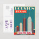 Donnez le ton sophistiqué de votre mariage avec cette invitation de Houston qui présente une architecture moderne élégante et une palette de couleurs sarcelle fraîche. Cet art touristique de haute qualité mélange l'esprit d'aventure avec un style intemporel pour annoncer votre grand jour.
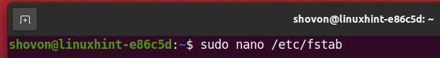 Now, edit the /etc/fstab file with the nano text editor as follows:
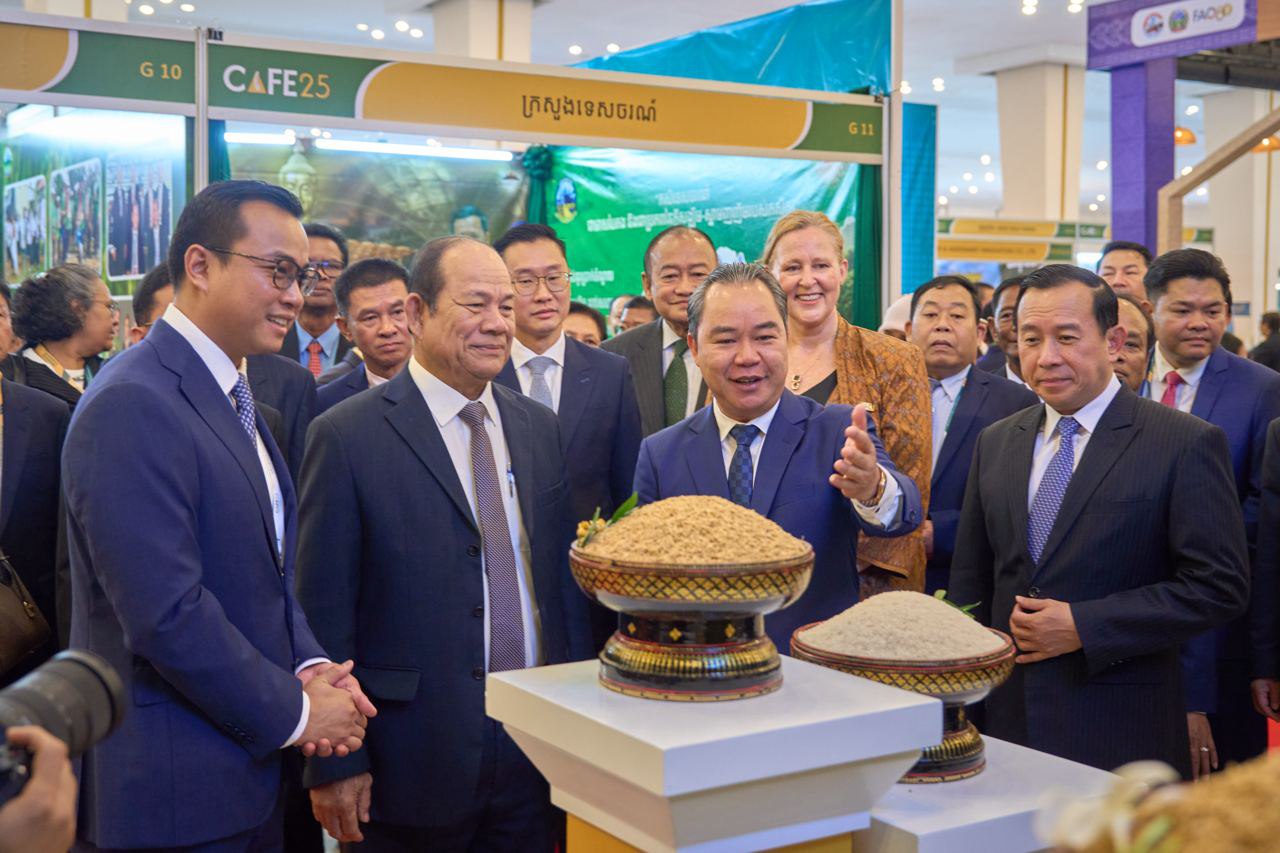 ភ្នំពេញ ៖ ស្របតាមផែនការដែលបានគ្រោងទុក វេទិកា និងពិព័រណ៍កសិកម្មកម្ពុជា ឆ្នាំ២០២៥ ហៅកាត់ CAFE25 បានប្រារព្វឡើងរយៈពេល៤ថ្ងៃ ចាប់ពីព្រឹកថ្ងៃទី១៣-១៦ ខែវិច្ឆិកា ឆ្នាំ២០២៥ នៅមជ្ឈមណ្ឌលសន្និបាត និងពិព័រណ៍កោះពេជ្រ ក្រោមអធិបតីភាព ឯកឧត្តម បណ្ឌិតសភាចារ្យ អ៊ុក រ៉ាប៊ុន ទេសរដ្ឋមន្រ្តីទទួលបន្ទុកបេសកកម្មពិសេស ប្រធានក្រុមប្រឹក្សាស្ដារអភិវឌ្ឍន៍វិស័យកសិកម្ម និងជនបទ តំណាងដ៏ខ្ពង់ខ្ពស់ សម្ដេចមហាបវរធិបតី ហ៊ុន ម៉ាណែត នាយករដ្ឋមន្ត្រីនៃកម្ពុជា ដោយមានដាក់តាំងបង្ហាញ និងលក់កសិផល , ផលិតផលកសិកម្ម ព្រមទាំងគ្រឿងចក្រ និងសេវាកម្មពាក់ព័ន្ធនឹងវិស័យជាង ៤០០ប្រភេទ ។
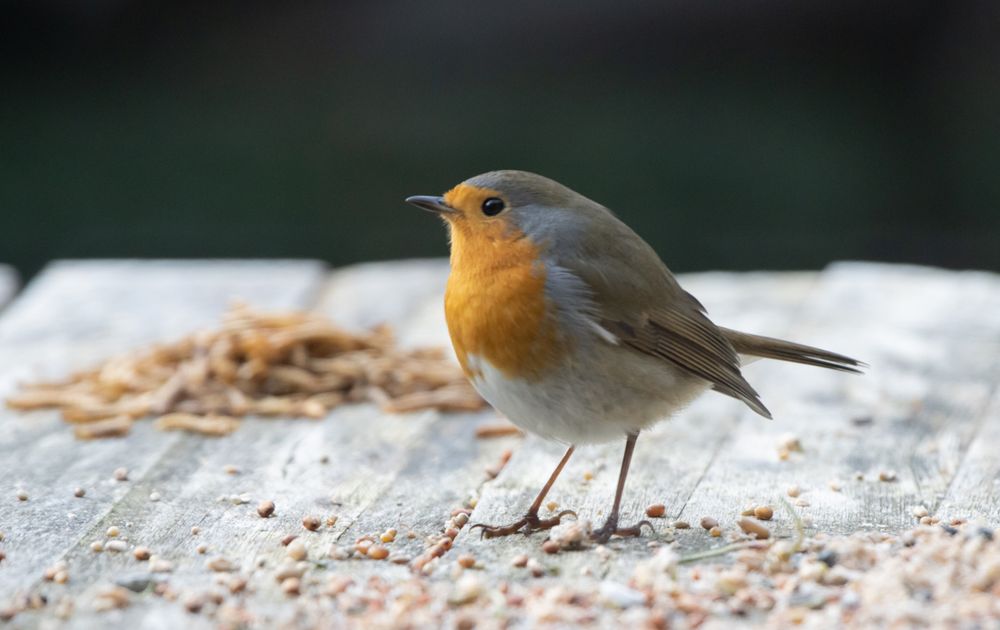 Roodborstje kwam eten van voer dat op de tuintafel lag
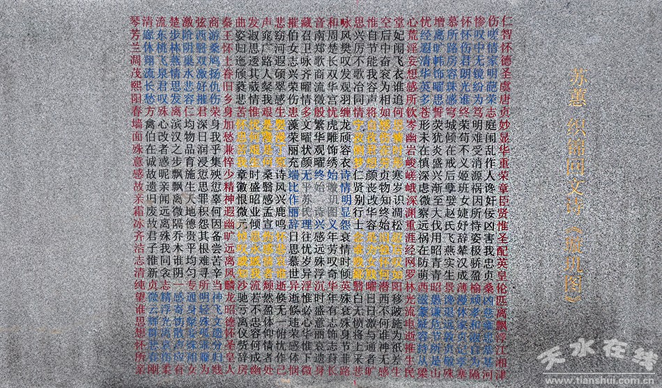 年僅21歲的蘇蕙,獨(dú)守秦州空房!昂鲆娔邦^楊柳色,悔教夫婿覓封侯”,對丈夫的思念與日俱增。天資聰慧,幼時多才,三歲學(xué)字,五歲學(xué)詩,七歲學(xué)畫,九歲學(xué)繡,十二歲學(xué)織錦的蘇家三小姐,才思與情思一般婉轉(zhuǎn),把愁與恨、思與悲、情與愛,化作文字,寄入詩中,一針針、一線線,織入美麗的錦緞,成就千古奇跡璇璣圖。天水西關(guān)二郎巷,相傳就是蘇蕙織璇璣圖的地方。巷口原有牌樓,懸兩匾,內(nèi)匾書“古織錦臺”,外匾文“晉竇滔里”,兩邊有聯(lián)“鶯花古巷秦州陌,云是蘇娘舊時宅”,清代詩人楊蓉裳憑吊織錦臺留詩,其中句子。
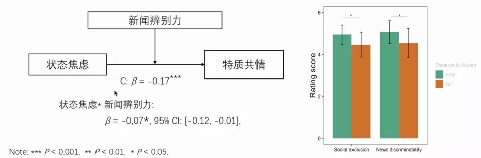 ? ? ? ?狀態焦慮與特質共情的關系可能是受到武漢距離調控的。即在強焦慮狀態下的被試中,距離武漢越近的被試的特質共情越低。
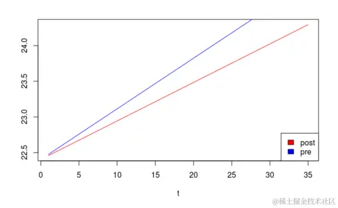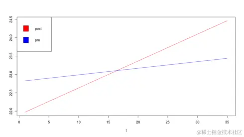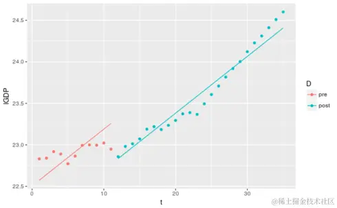 在上述结果中,显然相互作用项(tD)在统计学上不显着,因为相应的p值远高于显着性水平(5%或0.05)。这意味着经济改革不会影响斜率。
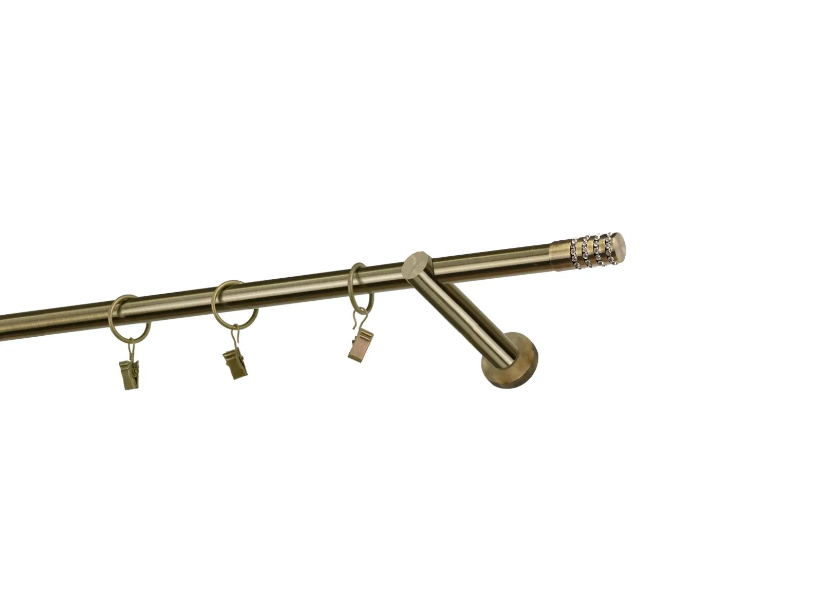 Felületkezelt egysoros fém függönykarnis antik (matt arany) árnyalat. Minőségi galvanizált fém függönykarnisok. A galvanizálás nagyobb felületi szilárdságot, nagyobb karcállóságot és sima felületet biztosít. Készletként szállítjuk.

— Work task —
Please repeat everything in the data above except the pictures, exactly as it reads.

— Solution —
 Donnez le ton sophistiqué de votre mariage avec cette invitation de Houston qui présente une architecture moderne élégante et une palette de couleurs sarcelle fraîche. Cet art touristique de haute qualité mélange l'esprit d'aventure avec un style intemporel pour annoncer votre grand jour.
 Now, edit the /etc/fstab file with the nano text editor as follows:
 ភ្នំពេញ ៖ ស្របតាមផែនការដែលបានគ្រោងទុក វេទិកា និងពិព័រណ៍កសិកម្មកម្ពុជា ឆ្នាំ២០២៥ ហៅកាត់ CAFE25 បានប្រារព្វឡើងរយៈពេល៤ថ្ងៃ ចាប់ពីព្រឹកថ្ងៃទី១៣-១៦ ខែវិច្ឆិកា ឆ្នាំ២០២៥ នៅមជ្ឈមណ្ឌលសន្និបាត និងពិព័រណ៍កោះពេជ្រ ក្រោមអធិបតីភាព ឯកឧត្តម បណ្ឌិតសភាចារ្យ អ៊ុក រ៉ាប៊ុន ទេសរដ្ឋមន្រ្តីទទួលបន្ទុកបេសកកម្មពិសេស ប្រធានក្រុមប្រឹក្សាស្ដារអភិវឌ្ឍន៍វិស័យកសិកម្ម និងជនបទ តំណាងដ៏ខ្ពង់ខ្ពស់ សម្ដេចមហាបវរធិបតី ហ៊ុន ម៉ាណែត នាយករដ្ឋមន្ត្រីនៃកម្ពុជា ដោយមានដាក់តាំងបង្ហាញ និងលក់កសិផល , ផលិតផលកសិកម្ម ព្រមទាំងគ្រឿងចក្រ និងសេវាកម្មពាក់ព័ន្ធនឹងវិស័យជាង ៤០០ប្រភេទ ។
 Roodborstje kwam eten van voer dat op de tuintafel lag
 年僅21歲的蘇蕙,獨(dú)守秦州空房!昂鲆娔邦^楊柳色,悔教夫婿覓封侯”,對丈夫的思念與日俱增。天資聰慧,幼時多才,三歲學(xué)字,五歲學(xué)詩,七歲學(xué)畫,九歲學(xué)繡,十二歲學(xué)織錦的蘇家三小姐,才思與情思一般婉轉(zhuǎn),把愁與恨、思與悲、情與愛,化作文字,寄入詩中,一針針、一線線,織入美麗的錦緞,成就千古奇跡璇璣圖。天水西關(guān)二郎巷,相傳就是蘇蕙織璇璣圖的地方。巷口原有牌樓,懸兩匾,內(nèi)匾書“古織錦臺”,外匾文“晉竇滔里”,兩邊有聯(lián)“鶯花古巷秦州陌,云是蘇娘舊時宅”,清代詩人楊蓉裳憑吊織錦臺留詩,其中句子。
 ? ? ? ?狀態焦慮與特質共情的關系可能是受到武漢距離調控的。即在強焦慮狀態下的被試中,距離武漢越近的被試的特質共情越低。
 在上述结果中,显然相互作用项(tD)在统计学上不显着,因为相应的p值远高于显着性水平(5%或0.05)。这意味着经济改革不会影响斜率。
 Felületkezelt egysoros fém függönykarnis antik (matt arany) árnyalat. Minőségi galvanizált fém függönykarnisok. A galvanizálás nagyobb felületi szilárdságot, nagyobb karcállóságot és sima felületet biztosít. Készletként szállítjuk.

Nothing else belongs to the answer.